Similarly, in the figural interpretation of the relation between the ancient Passover and the new Christian Passover (Pascha) inaugurated through Christ’s death, the second-century bishop Melito of Sardis indicates how Jesus’s passion was adumbrated not only in the events of Israel’s Passover but in vivid narrative types throughout the Hebrew Scriptures:

For indeed the law has become word,and the old new…and the commandment grace,and the model (typos) reality (alêtheia),and the lamb a Son,and the sheep a Man,and the Man God…

He is the Pascha of our salvation.It is he who in many endured many things:It is he that was in Abel murdered,and in Isaac bound,and in Joseph sold,and in Jacob exiled,and in Moses exposed,and in the lamb slain,and in David persecuted,and in the prophets dishonoured.(Sermon on Pascha 7, 69; trans. Hall 1979:5, 37)

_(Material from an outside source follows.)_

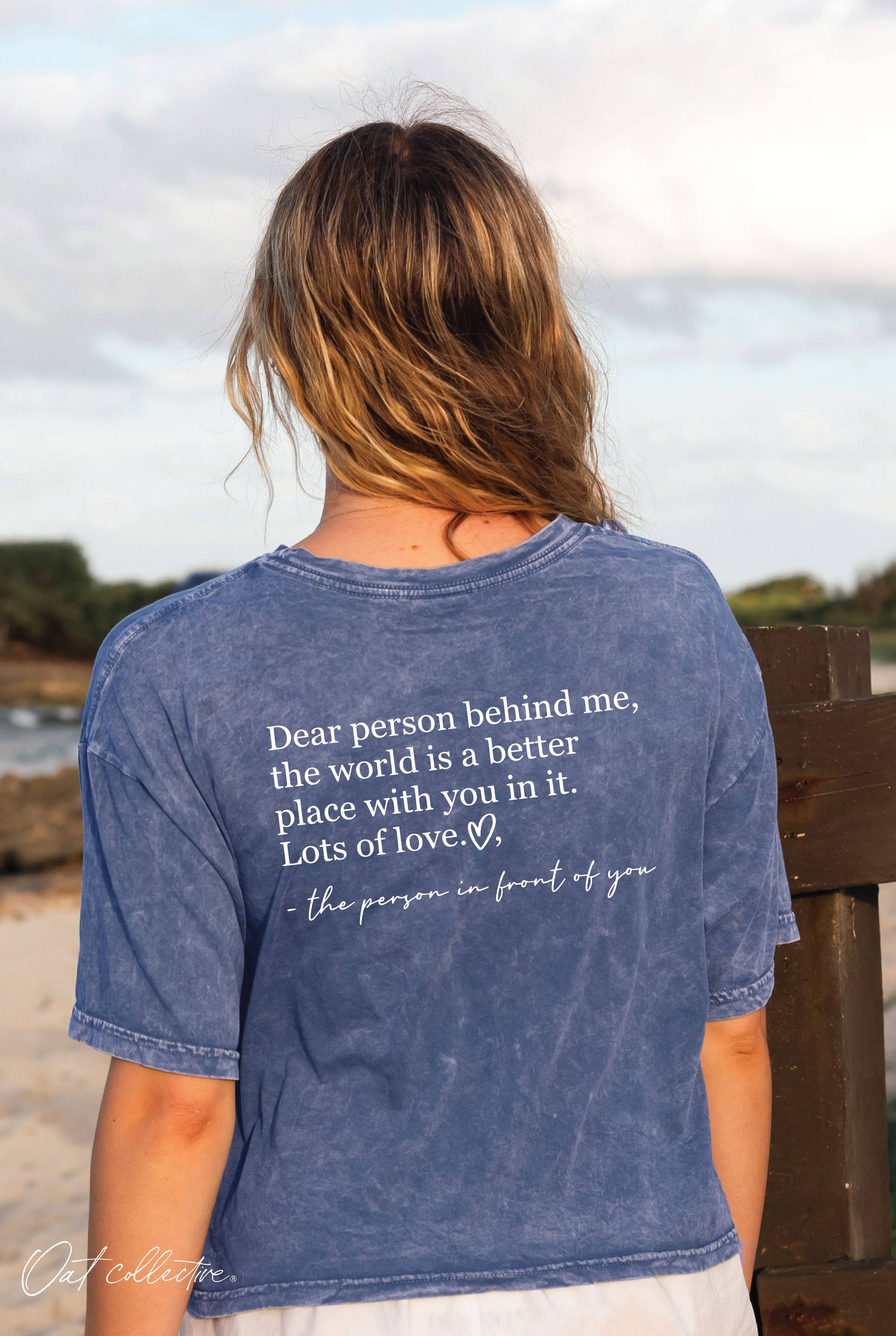 Back-Dear person behind me,the world is a better place with you in it. Lots of Love.-the person in front of you. Front -be kind Cropped Mineral Washed Graphic Top -100% Premium Cotton Jersey. -Relaxed Cropped Fit. -Screen Printed with water based ink. -All items are slightly different because of the dying process of the garment. -
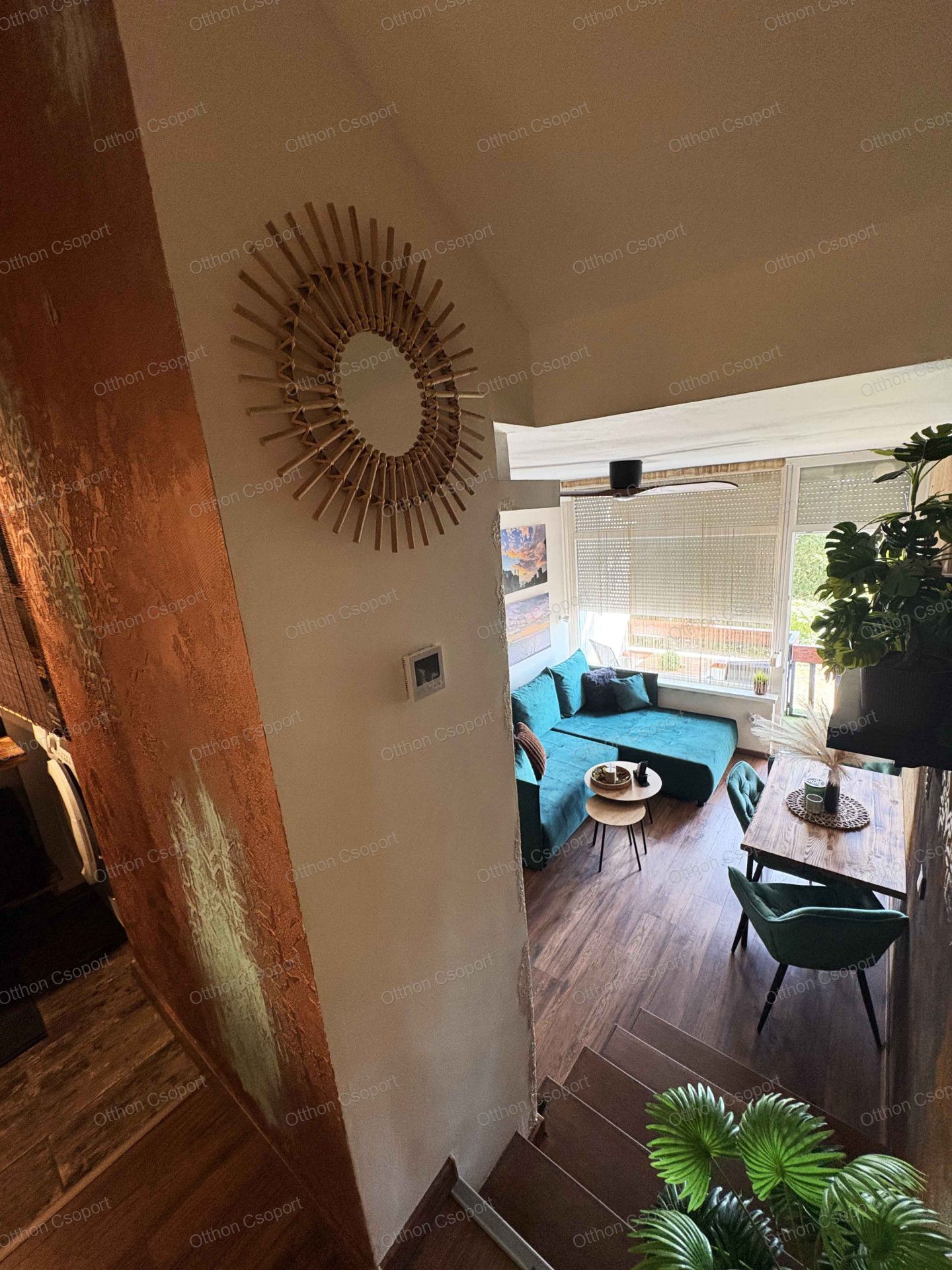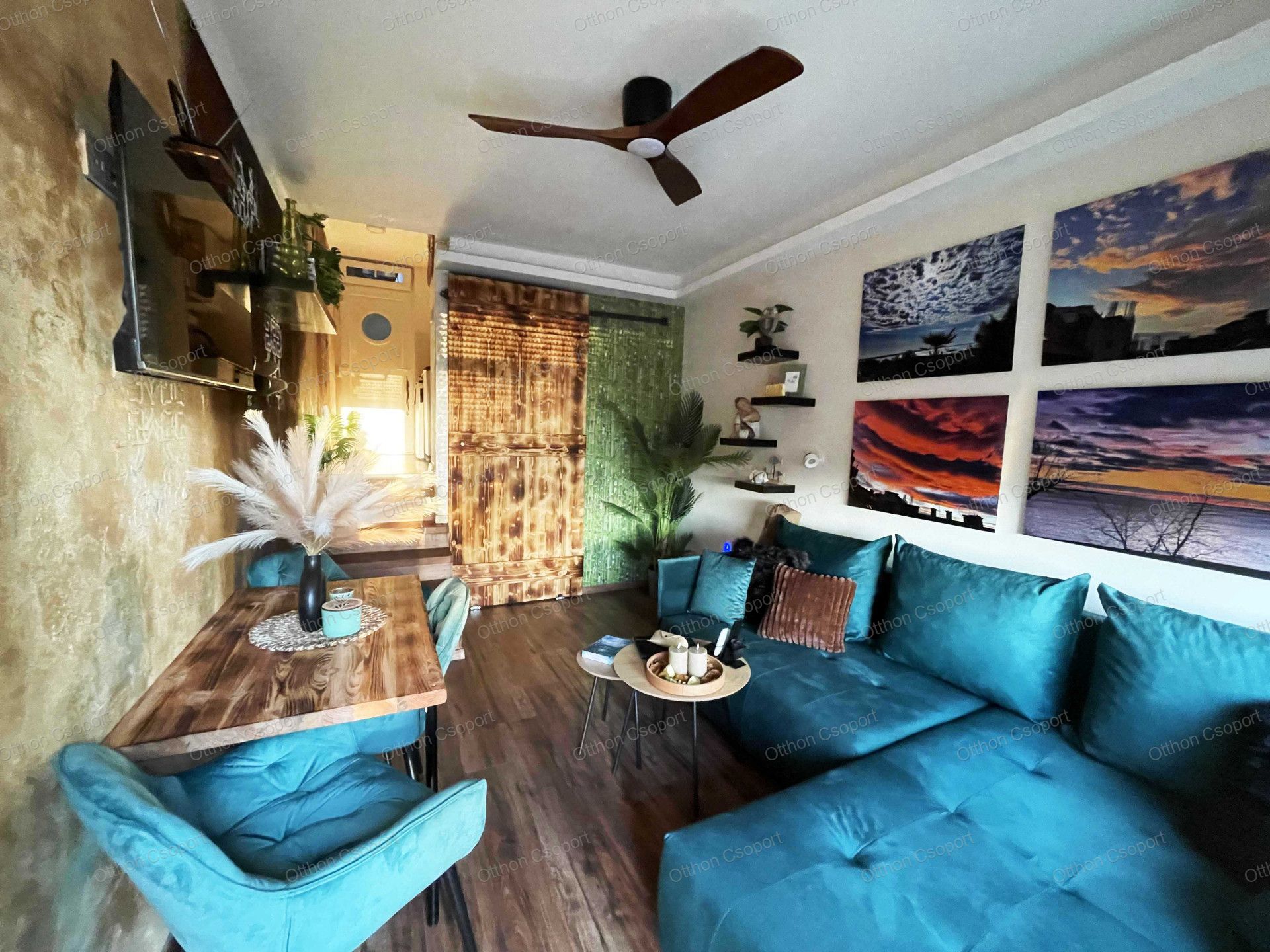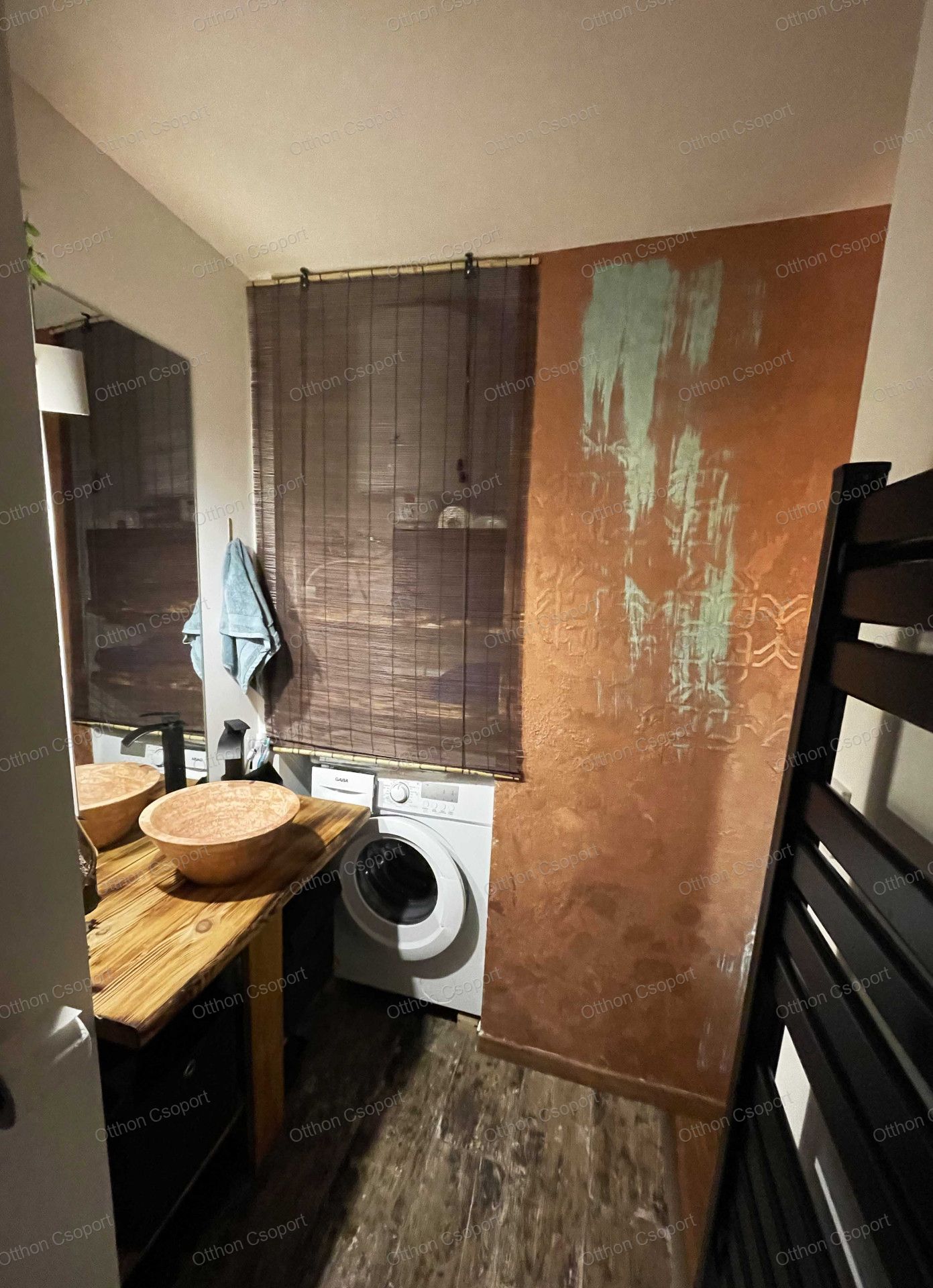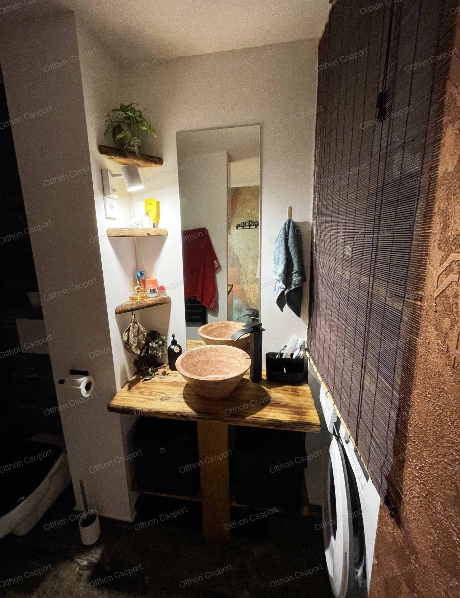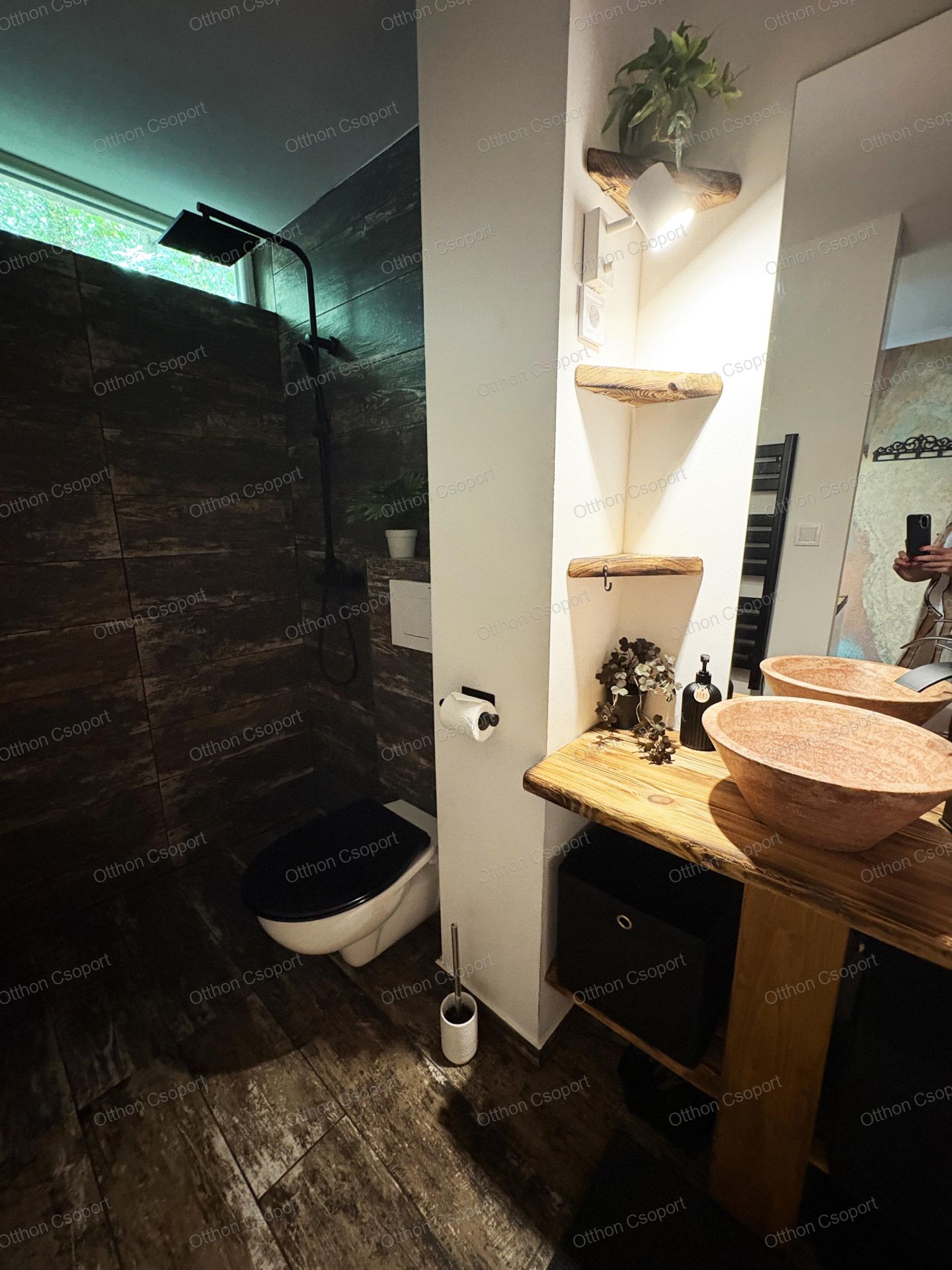 Egyedi tervezésű, prémium design-apartman eladó Balatonalmádi Káptalanfüred részén társasüdülőben, a teraszról balatoni panorámával, gondozott, közös használatú kerttel, napozóval, grillezővel, kiülővel, közúton 600 méterre a hangulatos, családias Káptalanfüred strandtól, gyalog se több néhány percnél. Saját, zárható, árnyékolt kocsibeállóval, parkolóval közvetlenül a ház mellett (amely részét képezi az adásvételnek). Műszakilag tökéletesen felújított és tervező által megdizájnolt állapotban, tehát teljesen új elektromos és vízhálózattal, teljes felületén elektromos fűtőszálas padlófűtéssel, szobatermosztáttal. Dél-keleti tájolású, szépen árnyékolt, földszinti nyaraló, a teraszról kijárással a gyönyörű kertre, melyet kertész gondoz. Alapterülete 25,3 m2, egy nappali/háló kihúzható kanapéval, + egy vendég-fotelágy, 3 személy részére kényelmes alvási lehetőséggel, ill. 3 személyre szabott ebédlőasztallal, tágas gardróbbal. Teljeskörűen berendezett, új konyha rész új háztartási gépekkel, önálló fürdőszoba tusolóval, wc-vel, 50 literes bojlerrel. Terasz 5 m2, 2+2 személy számára kiülési lehetőséggel, balatoni panorámával. A legtöbb bútor, ill. berendezés egyedileg tervezve és gyártva borovi fenyőből a lehető legoptimálisabb helykihasználással. Csodás panoráma nyílik bentről is a nappaliból a Balatonra a hatalmas üvegfelületen keresztül. Az árban foglaltatik az összes berendezési tárgy és bútor okostévével, hűtőszekrénnyel, mosógéppel, dísztárgyakkal, mindennel együtt. Kiadásra, szállásoltásra, turizmusra remek megtérülésű befektetésként, avagy saját használatra pihenésre, töltődésre, kikapcsolódásra egyaránt kitűnő lehetőség. Ára: 49 M Ft. 06209730443 Igény esetén örömmel megmutatom személyesen, hívjon bátran.

The intelligibility of the connection between types and antitypes in Melito’s sermon rested not on natural historical correspondences but on their mutual orientation to a higher comprehending truth. Even if Melito and other early Christian apologists wanted to suggest that such correspondences were self-evident, it required the lens of the Christian rule of faith truly to make sense of them. What Melito calls the “reality” (alêtheia) seems at first sight to represent a simple hermeneutical closure, whereby the typos gives way to a superior event (antitype) within the forward advance of salvation history. More than once, Melito refers to the type being rendered obsolete or perishable by its superior antitype. And yet there can be no “fulfillment” without referring both type and antitype to a larger, overarching economy, what Origen later called the “Eternal Gospel” (On First Principles 3.6.9; 4.3.13; see de Lubac 2007 , pp. 247–259). Within this scheme, the integrity of the typos, the original historical referent, was guaranteed, and its original sense, though rendered “useless,” could not be utterly evaporated since type and reality each has its “proper season” (Melito, On Pascha 37–38). But in the unfolding divine plan a type had always to yield to a horizon of new significance.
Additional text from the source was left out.